**SOURCE RECORDS**
□ □ □ □ □

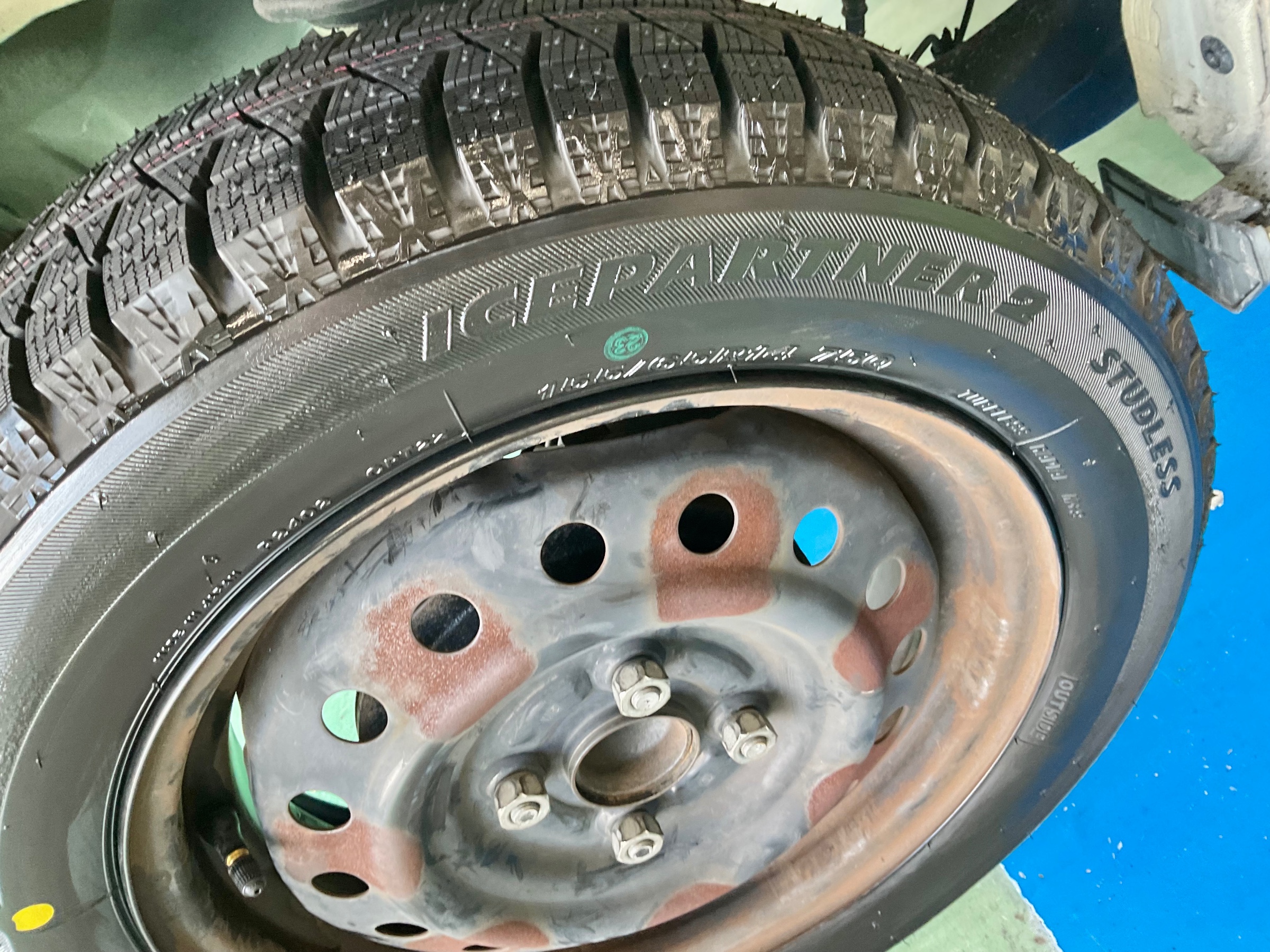 ミライースにブリヂストン製お手頃スタッドレスタイヤ取付け
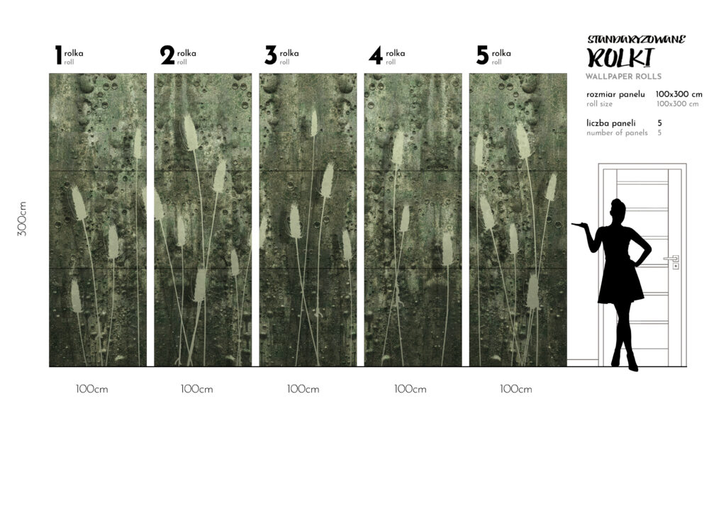 To tapety o stałej 1m szerokości brytów wysokich na 3m z ustaloną grafika pod wymiary 300 × 500 cm, czasami
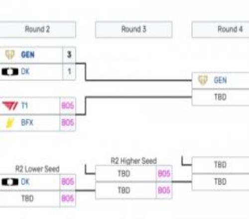 由于常规赛战绩中DK的3胜2负战绩不如另一组对决的T1和BFX,因此DK跌入败者组第二轮,后续交手DNS与DRX胜者,而T1将在败者组第三轮等到第两轮的胜者。
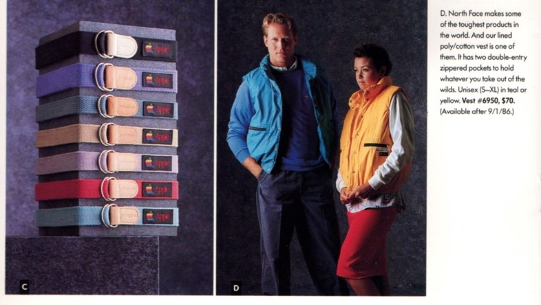 1986年,蘋果開(kāi)發(fā)過(guò)時(shí)裝業(yè)務(wù),其中一件小馬甲就是北面做的。
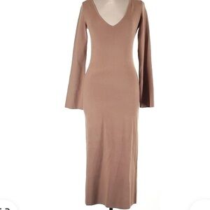 Wilfred Aritzia Tan Ribbed Knit Maxi Midi Bodycon Long Sleeve Dress Large
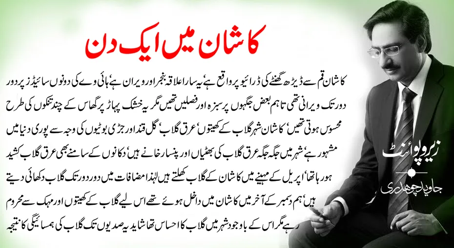 کاشان قم سے ڈیڑھ گھنٹے کی ڈرائیو پر واقع ہے‘ یہ سارا علاقہ بنجر اور ویران ہے‘ ہائی وے کی دونوں سائیڈز پر دور دور تک ویرانی تھی تاہم بعض جگہوں پر سبزہ اور فصلیں تھیں مگر یہ خشک پہاڑ پر گھاس کے چند تنکوں کی طرح محسوس ہوتی تھیں‘
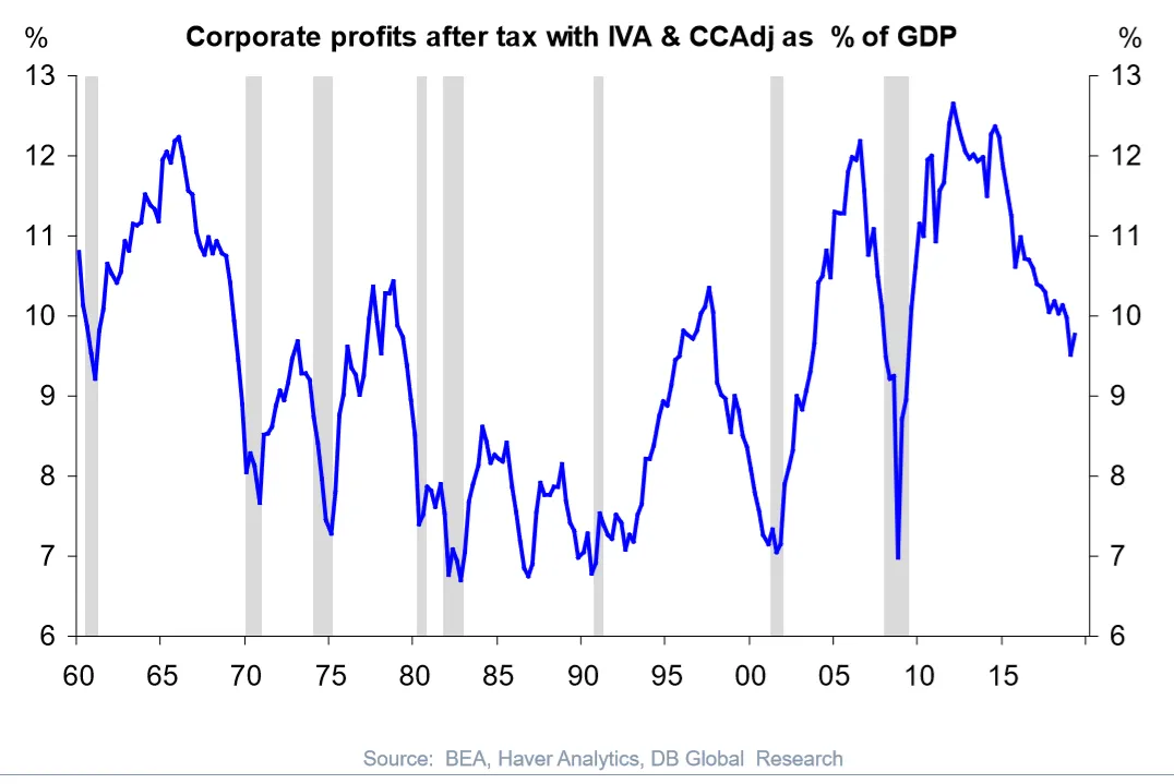 如果我们使用国家收入和利润账户(NIPA),由计算GDP的政府统计人员编制,我们会发现利润率实际上表现得正如我们所预期的那样,商业周期在几年前已经转变。这是NIPA利润占GDP的比例,由德意志银行的托尔斯滕·斯洛克制作的图表:
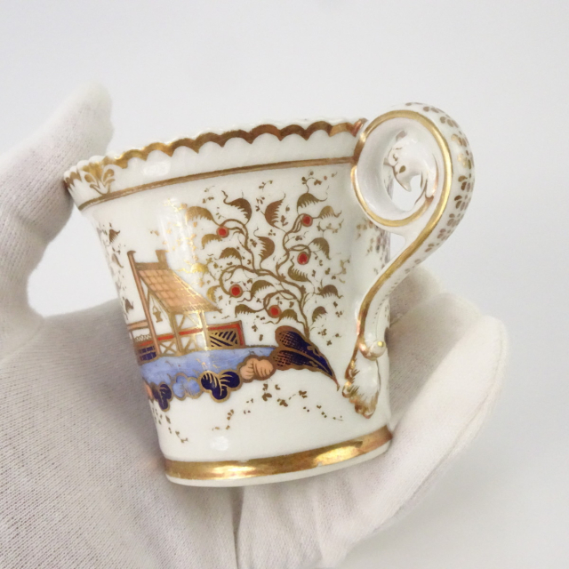 カップの口縁や、皿の縁全体には波打つ形状が施され、持ち手も珍しいデザインのシノワズリのカップ&ソーサー。コバルトブルー、金彩、ピンク、朱色など色合いも華やかで楽しい雰囲気のカップ&ソーサーです。

□ □ □ □ □

**WHAT TO DO**
Apart from the pictures, the material above has to be repeated exactly.

**COMPLETED TASK**
 ミライースにブリヂストン製お手頃スタッドレスタイヤ取付け
 To tapety o stałej 1m szerokości brytów wysokich na 3m z ustaloną grafika pod wymiary 300 × 500 cm, czasami
 由于常规赛战绩中DK的3胜2负战绩不如另一组对决的T1和BFX,因此DK跌入败者组第二轮,后续交手DNS与DRX胜者,而T1将在败者组第三轮等到第两轮的胜者。
 1986年,蘋果開(kāi)發(fā)過(guò)時(shí)裝業(yè)務(wù),其中一件小馬甲就是北面做的。
 Wilfred Aritzia Tan Ribbed Knit Maxi Midi Bodycon Long Sleeve Dress Large
 کاشان قم سے ڈیڑھ گھنٹے کی ڈرائیو پر واقع ہے‘ یہ سارا علاقہ بنجر اور ویران ہے‘ ہائی وے کی دونوں سائیڈز پر دور دور تک ویرانی تھی تاہم بعض جگہوں پر سبزہ اور فصلیں تھیں مگر یہ خشک پہاڑ پر گھاس کے چند تنکوں کی طرح محسوس ہوتی تھیں‘
 如果我们使用国家收入和利润账户(NIPA),由计算GDP的政府统计人员编制,我们会发现利润率实际上表现得正如我们所预期的那样,商业周期在几年前已经转变。这是NIPA利润占GDP的比例,由德意志银行的托尔斯滕·斯洛克制作的图表:
 カップの口縁や、皿の縁全体には波打つ形状が施され、持ち手も珍しいデザインのシノワズリのカップ&ソーサー。コバルトブルー、金彩、ピンク、朱色など色合いも華やかで楽しい雰囲気のカップ&ソーサーです。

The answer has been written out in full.